Утром я проснулся с тревожным ощущением перемены в своей судьбе. Все устраивалось, но не так, как мне хотелось. Потом, в армии, мне часто приходилось приносить личные желания в жертву требованиям службы. Это постепенно вошло в привычку. Мне со временем стало нравиться подчинять свою жизнь присяге и долгу: каждый раз при этом я острее чувствовал свою нужность и значительность. Когда через много лет я был уволен из армии и спросил полковника, в чье распоряжение меня отправляют, полковник ответил: «В ваше собственное». Ничего страшнее этих слов я не слышал.

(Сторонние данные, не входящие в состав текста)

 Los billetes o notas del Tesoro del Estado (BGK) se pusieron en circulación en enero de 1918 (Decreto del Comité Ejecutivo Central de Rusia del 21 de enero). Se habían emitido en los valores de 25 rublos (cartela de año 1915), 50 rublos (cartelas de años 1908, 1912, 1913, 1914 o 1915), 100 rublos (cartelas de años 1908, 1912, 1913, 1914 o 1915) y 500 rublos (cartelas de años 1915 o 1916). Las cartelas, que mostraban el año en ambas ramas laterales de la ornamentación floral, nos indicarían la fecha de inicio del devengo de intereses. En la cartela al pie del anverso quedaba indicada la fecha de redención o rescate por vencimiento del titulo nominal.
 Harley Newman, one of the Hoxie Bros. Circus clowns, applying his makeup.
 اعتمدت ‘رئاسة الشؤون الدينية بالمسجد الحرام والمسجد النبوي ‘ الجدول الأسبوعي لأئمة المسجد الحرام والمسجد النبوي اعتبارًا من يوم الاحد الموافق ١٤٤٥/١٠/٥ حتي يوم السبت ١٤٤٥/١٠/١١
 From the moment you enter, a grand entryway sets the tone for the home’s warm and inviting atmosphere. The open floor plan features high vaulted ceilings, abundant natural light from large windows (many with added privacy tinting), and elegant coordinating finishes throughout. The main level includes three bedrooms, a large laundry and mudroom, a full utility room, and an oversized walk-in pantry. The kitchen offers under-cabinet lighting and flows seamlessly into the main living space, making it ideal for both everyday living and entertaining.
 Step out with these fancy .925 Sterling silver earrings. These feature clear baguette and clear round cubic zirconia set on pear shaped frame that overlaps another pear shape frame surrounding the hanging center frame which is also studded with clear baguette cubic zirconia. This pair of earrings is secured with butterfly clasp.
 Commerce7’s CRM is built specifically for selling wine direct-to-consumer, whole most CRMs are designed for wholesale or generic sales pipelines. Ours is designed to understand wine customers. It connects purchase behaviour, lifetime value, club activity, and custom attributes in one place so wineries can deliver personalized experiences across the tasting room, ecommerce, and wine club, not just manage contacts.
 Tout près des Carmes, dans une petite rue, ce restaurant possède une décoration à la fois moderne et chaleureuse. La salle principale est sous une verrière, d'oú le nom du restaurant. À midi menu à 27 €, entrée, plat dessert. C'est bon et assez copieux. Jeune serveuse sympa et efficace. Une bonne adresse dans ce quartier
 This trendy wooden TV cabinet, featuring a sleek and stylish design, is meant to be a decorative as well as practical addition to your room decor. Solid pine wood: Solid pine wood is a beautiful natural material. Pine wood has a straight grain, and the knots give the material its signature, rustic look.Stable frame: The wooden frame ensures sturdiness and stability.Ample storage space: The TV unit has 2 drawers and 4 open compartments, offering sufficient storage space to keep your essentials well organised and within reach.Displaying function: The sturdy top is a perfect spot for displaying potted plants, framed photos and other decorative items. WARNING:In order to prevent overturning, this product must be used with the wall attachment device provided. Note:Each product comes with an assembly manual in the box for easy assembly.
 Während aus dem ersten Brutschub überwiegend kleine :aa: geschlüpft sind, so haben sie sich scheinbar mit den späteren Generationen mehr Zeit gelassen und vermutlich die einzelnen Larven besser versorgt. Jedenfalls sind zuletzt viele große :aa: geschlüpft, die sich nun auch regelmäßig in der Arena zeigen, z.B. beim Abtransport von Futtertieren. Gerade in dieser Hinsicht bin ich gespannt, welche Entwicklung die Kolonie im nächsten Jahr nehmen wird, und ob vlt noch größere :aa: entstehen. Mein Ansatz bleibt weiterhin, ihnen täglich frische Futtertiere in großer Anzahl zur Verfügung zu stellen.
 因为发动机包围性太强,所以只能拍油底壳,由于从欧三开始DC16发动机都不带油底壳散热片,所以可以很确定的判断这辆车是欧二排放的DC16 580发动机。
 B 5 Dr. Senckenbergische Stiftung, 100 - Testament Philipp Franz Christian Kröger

Ровно в одиннадцать ноль-ноль мы были на медкомиссии. Чтобы прийти ровно в назначенное время, мы минут пятнадцать стояли за углом военкомата. Вместе с нами комиссию проходили призывники, но мы обошли врачей первыми. Потом мы сидели в кабинете у военкома. Он просматривал медицинские заключения. Самым крупным изъяном, если это можно назвать изъяном, было несоответствие между нашим весом и ростом. Даже Витьке не хватало до нормы шесть килограммов.
– Были бы кости, мясо будет, – сказал военком.